How Millennial Women Can Reshape the Roofing Industry

By Chris Gray, Managing editor of Roofing Contractor magazine. (Read the May 2021 article)

If Brooke Laizure is out representing Whirlwind Roofing & Construction of Oklahoma, odds are she will have to explain that she’s the boss.

“The biggest issue I had in the beginning is suppliers, customers, and salespeople naturally assume that the men in my company are the owners and decision makers,” Laizure said. “I used to take it personally, but I have learned to use it to my advantage by stepping aside, listening, and gathering information. Eventually the truth of who owns the company comes out and the reactions are priceless.”

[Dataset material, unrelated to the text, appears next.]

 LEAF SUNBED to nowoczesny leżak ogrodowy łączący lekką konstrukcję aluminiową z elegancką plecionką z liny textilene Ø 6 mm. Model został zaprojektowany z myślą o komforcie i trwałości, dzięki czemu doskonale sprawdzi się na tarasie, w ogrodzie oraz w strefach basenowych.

Sadly, Laizure isn’t alone in this experience, even more so since she belongs to a demographic that catches a lot of flak: millennials. Not only do these women deal with presumptions that they know less than their male counterparts, they have to fight against their generation’s stereotypes of entitlement and laziness.

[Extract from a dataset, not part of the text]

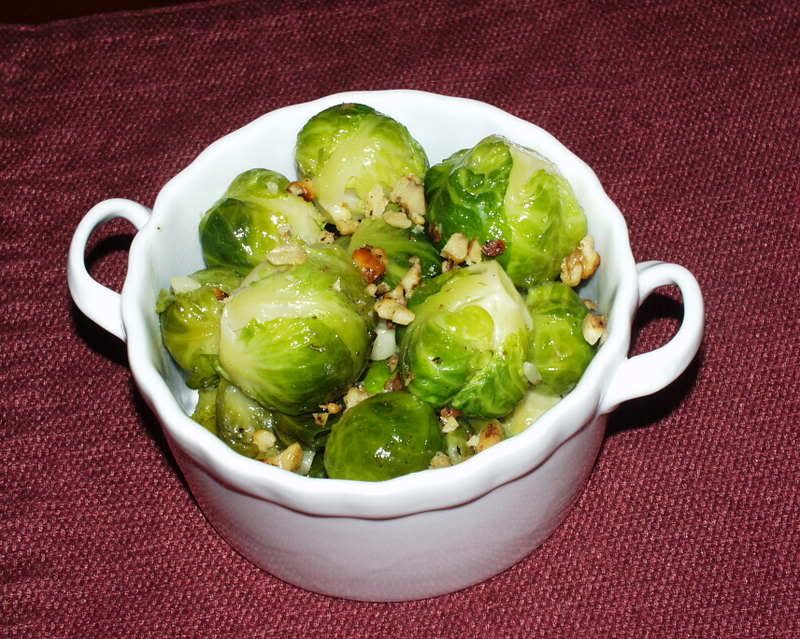 Грецкие орехи измельчить, прогреть на сковороде. Всыпать в капусту, тщательно перемешать и тотчас подавать.

It’s a problem that, while recognized by many in the industry, still needs to be addressed. And well worth doing, according to advocates that believe this demographic full of motivated and tech-savvy workers may just be what the roofing industry needs to not only emerge from the pandemic stronger than ever, but tackle the ever-present workforce shortage.

“Women are the untapped resource in the industry and can be the best asset to your roofing company. Young women are hard and efficient workers,” Laizure said.

The Challenges Facing Women in Roofing

The latest data from the U.S. Bureau of Labor Statistics shows 57.4% of all women participated in the labor force in 2019, but were underrepresented (relative to their share of total employment) in construction at 10.3%. Thanks to advocacy groups like National Women in Roofing (NWiR), these women are banding together to make their voices heard.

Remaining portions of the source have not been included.